Kemudian diikuti oleh para civitas akademik serta mahasiswa program magister Fakultas Kesehatan UPRI Makassar. Baik diikuti secara offline atau langsung, maupun secara online melalui zoom.

Kegiatan diawali dengan penyampaian oleh Rektor UPRI, Dr. Darwis Nur Tinri yang bertindak sebagai keynote speaker, sekaligus membuka Kuliah Pakar tersebut.

Dalam penyampaiannya, Rektor menekankan bahwa Kuliah Pakar ini sangat penting karena dapat menjawab tantangan untuk menghubungkan masyarakat marjinal dengan hak fundamentalnya, yaitu hidup sehat dan bermartabat.

“Ini akan membantu kita menjawab berbagai tantangan dalam dunia kesehatan yang sangat kompleks. Untuk itu kita berterima kasih kepada Dekan Fakultas Kesehatan UPRI, Erni Kadir yang telah menggagas kegiatan luar biasa seperti ini,” ujarnya.

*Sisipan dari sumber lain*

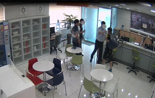 "가스누출돼 아이 죽을 뻔했다"며 난동[부산 남부경찰서 제공 영상 캡처=연합뉴스]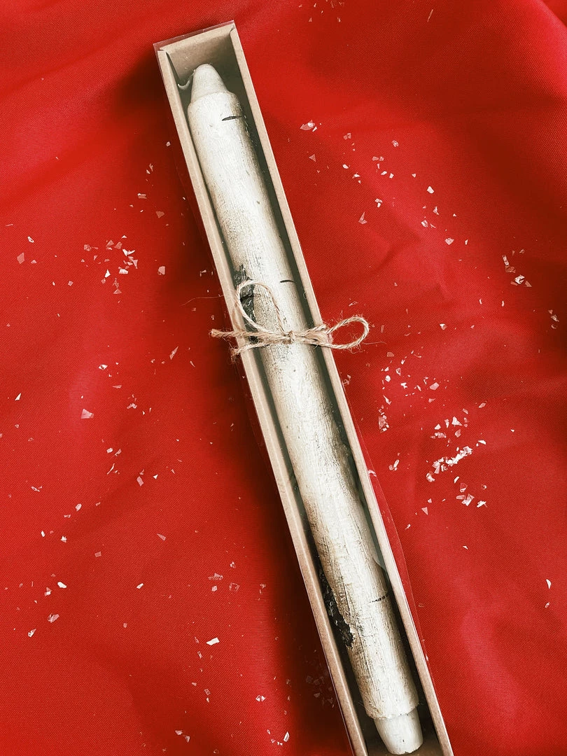 A pair of this candle would be show-stopping on a mantle or tablescape for the winter season!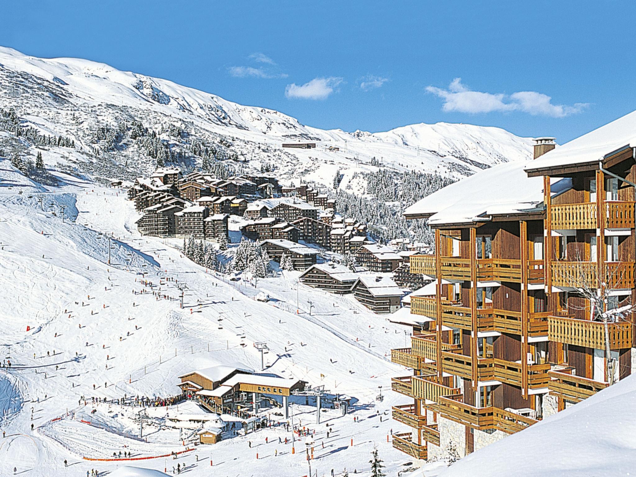 "Odalys Essentielle Le Hameau du Mottaret", 2-room apartment 30 m2. Practical furnishings: living/sleeping room with 2 beds, dining table and TV. 1 room with 3 sleeping facilities. Kitchenette (2 hot plates, dishwasher, kettle, microwave, electric coffee machine). Bathroom, sep. WC. Electric heating. Balcony or terrace. Maximum 1 pet/ dog allowed.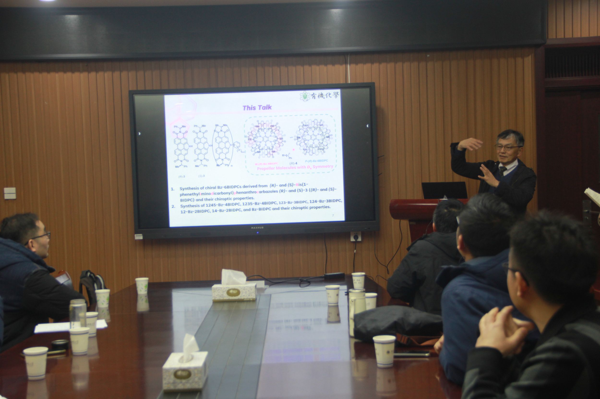 Uno Hidemitsu教授作了题为“Preparation and Chiroptic Properties of Propeller Molecules with Chiral Bis-(1-Phenylethyliminodicarbonyl)Ph-enanthrocarbazole (BIDPC)as Propeller Blades”的学术报告。Uno Hidemitsu教授讲解了其课题组设计并合成了具有高CPL活性的螺旋桨分子,并通过单晶x射线衍射和光谱分析对其结构进行了鉴定,解释了(R)-和(S)-BZ-6BIDPCs的CD和CPL光谱与(R)-和(S)-1-苯乙基亚氨基诱导的螺旋桨手性呈镜像关系。有趣的是,BZ-6BIDPCs在各种溶剂中表现出相似的紫外可见光谱,但CD光谱随溶剂和温度的变化而变化。会后,Uno Hidemitsu教授和与会师生展开了一系列学术讨论,并回答了与会师生提出的问题。

Sementara itu selaku narasumber, Ridwan Mochtar Thaha menyampaikan terkait pelayanan kesehatan yang ada di Indonesia. Dimana semua berbasis kuratif dan tidak menyelesaikan masalah.

“Pada 2018 WHO menemukan resolusi besar SDH menjadi penting terutama karena melibatkan sosial budaya, ekonomi dan politik dalam mengimplementasikan pelayanan kesehatan,” beber Ridwan Mochtar.

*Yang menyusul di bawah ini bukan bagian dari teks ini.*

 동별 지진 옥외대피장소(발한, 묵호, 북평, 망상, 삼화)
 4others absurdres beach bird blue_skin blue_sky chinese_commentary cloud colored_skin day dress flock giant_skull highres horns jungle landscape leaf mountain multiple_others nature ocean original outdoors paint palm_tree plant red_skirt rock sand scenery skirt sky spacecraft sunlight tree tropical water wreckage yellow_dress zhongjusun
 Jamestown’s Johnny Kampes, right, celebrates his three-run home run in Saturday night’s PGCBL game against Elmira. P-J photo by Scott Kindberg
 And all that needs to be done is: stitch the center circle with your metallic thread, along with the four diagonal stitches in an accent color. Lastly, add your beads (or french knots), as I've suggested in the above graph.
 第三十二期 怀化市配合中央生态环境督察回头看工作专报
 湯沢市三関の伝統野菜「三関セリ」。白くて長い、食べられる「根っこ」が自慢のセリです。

Lanjut Ridwan memaparkan berbagai hal penting. Mulai dari konsep kesehatan dan kesejahteraan, serta tanggung jawab negara untuk menjaga kesehatan penduduknya.

Kemudian bagaimana mengidentifikasi faktor sosial ekonomi, biologis dan perilaku yang mempengaruhi kesehatan sebagai determinan sosialnya, serta model pemberdayaan untuk intervensi perubahan SDH.

Bicara soal konsep kesehatan dan kesejahteraan, Ridwan menyebut, kesehatan adalah keadaan kesejahteraan fisik, mental, dan sosial yang lengkap, dan bukan hanya ketiadaan penyakit atau kelemahan.

“Kesehatan adalah hak individu dan isu keadilan sosial kesehatan juga merupakan barang milik publik,” jelasnya.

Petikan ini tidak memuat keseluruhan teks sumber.